Configuration properties, that are set in the configuration-section of the plugin-configuration cannnot be overwritten elsewere (for details see Configuration-Method-Precedence). You never can overwrite them by accident when specifying a property on the commandline or in your settings.xml.

Configuration through maven-properties

Alternatively, it is possible, to configure the plugin via maven-properties. Each relevant configuration-option has a corresponding maven-property (for a full list see the Documentation of the export-Mojo). These are named after the Hibernate JDBC Properties:

  • hibernate.connection.driver_class
  • hibernate.dialect
  • hibernate.connection.url
  • hibernate.connection.username
  • hibernate.connection.password

So, instead of writing the hibernate-configuration in the properties-file, like above, you could put it in the properties-section of your pom.xml.

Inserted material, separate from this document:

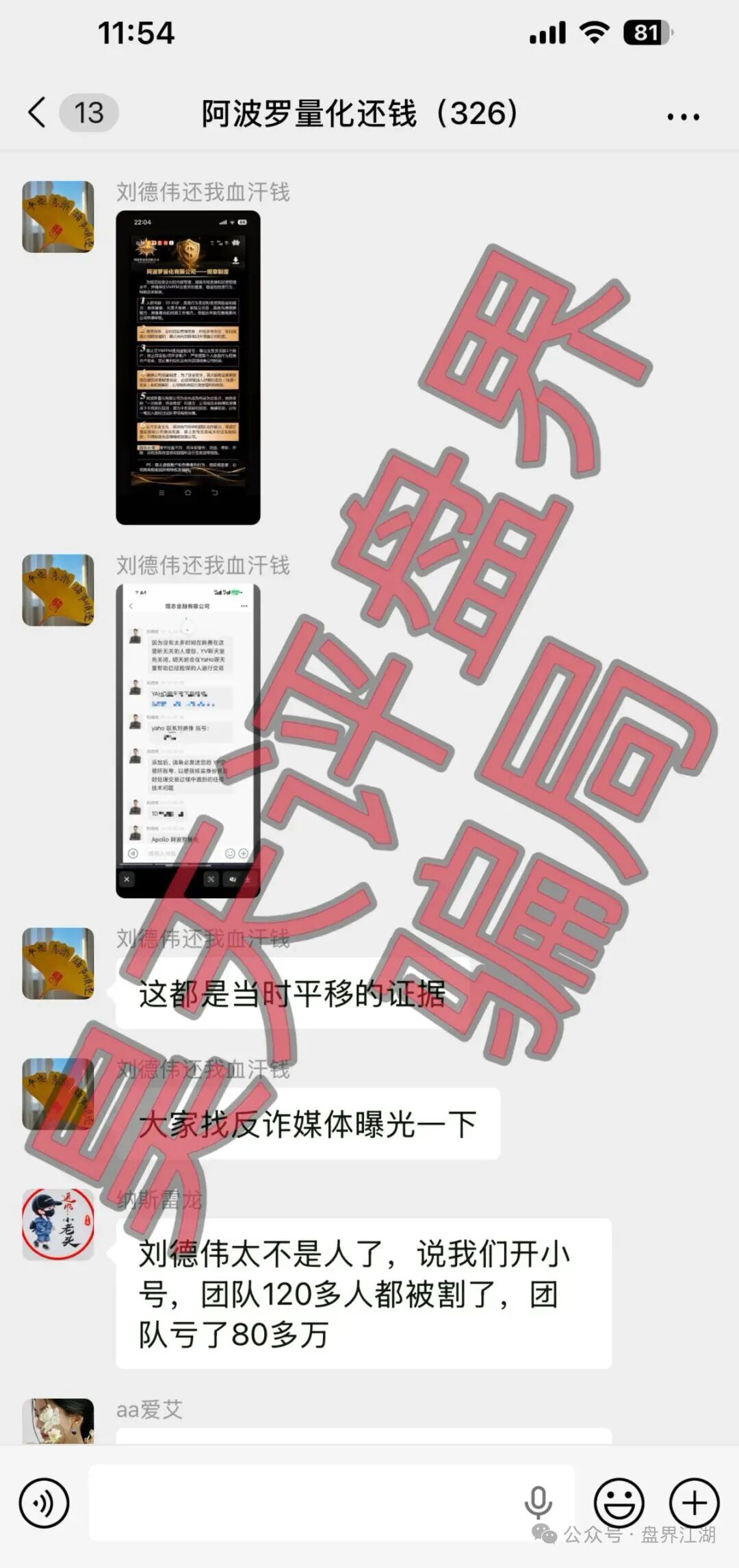 近期,打着“AI智能量化、海外团队操盘”旗号的阿波罗量化资金盘,正上演崩盘前的疯狂收割。此前“煜志金融”骗局的平移重启盘,模式就不重复曝光了,操盘手刘德伟近期已单割500多名投资者,冻结账户、禁止提现,甚至威胁维权会员,目前已被相关部门介入调查中,高度预警,即将崩盘跑路,直接上单割的证据:
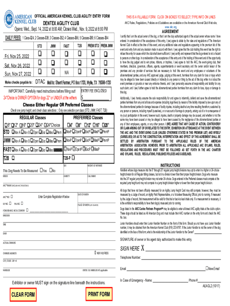 CORRECTED TENTATIVE RUNNING ORDER AS OF OCTOBER 18, 2022DEN TEX AGILITY CLUB (Licensed by the American Kennel Club) AGILITY TRIAL PREMIUM LISTAs of January 1, 2021 For Exhibition only (FEO) and Fix

Thogether with the plugin-definition from above, the following would be a complete configuration (again, the database-url was overwritten in the plugin-configuration, to be sure to have a separate database for testing):

<properties>
  <hibernate.connection.driver_class>org.hsqldb.jdbcDriver</hibernate.connection.driver_class>
  <hibernate.dialect>org.hibernate.dialect.HSQLDialect</hibernate.dialect>
  <hibernate.connection.url><![CDATA[jdbc:hsqldb:res:org.my.path.production_db]]></hibernate.connection.url>
  <hibernate.connection.username>sa</hibernate.connection.username>
  <hibernate.connection.password></hibernate.connection.password>
</properties>

...

<plugins>

  ...

  <plugin>
    <groupId>de.juplo</groupId>
    <artifactId>hibernate4-maven-plugin</artifactId>
    <version>1.0.1</version>
    <executions>
      <execution>
        <goals>
          <goal>export</goal>
        </goals>
      </execution>
    </executions>
    <configuration>
      <url><![CDATA[jdbc:hsqldb:target/db/testdb;shutdown=true]]></url>
    </configuration>
  </plugin>

<plugins>

Configuration through the plugin-configuration

A third way for configuring the plugin is the plugin-configuration. The relevant configuration-parameters are:

  • driverClassName
  • hibernateDialect
  • url
  • username
  • password

The equivalent of the configuration from the last section would look like this:

<plugin>
  <groupId>de.juplo</groupId>
  <artifactId>hibernate4-maven-plugin</artifactId>
  <version>1.0.1</version>
  <executions>
    <execution>
      <goals>
        <goal>export</goal>
      </goals>
    </execution>
  </executions>
  <configuration>
    <driverClassName>org.hsqldb.jdbcDriver</driverClassName>
    <hibernateDialect>org.hibernate.dialect.HSQLDialect</hibernateDialect>
    <url><![CDATA[jdbc:hsqldb:target/db/fotos;shutdown=true]]></url>
    <username>sa</username>
    <password></password>
  </configuration>
</plugin>

There are some seldom used parameters, that can only be configured throug this method:

  • delimiter the delimiter used in the generated sql-script
  • format wether the generated sql-script is formatted, or not
  • hibernateProperties name of the hibernate-properties-file
  • outputFile name of the generated sql-script
  • target create database or generate sql-script or both
  • type create or drop the database or do both or nothing (just validate the annotation-configuration)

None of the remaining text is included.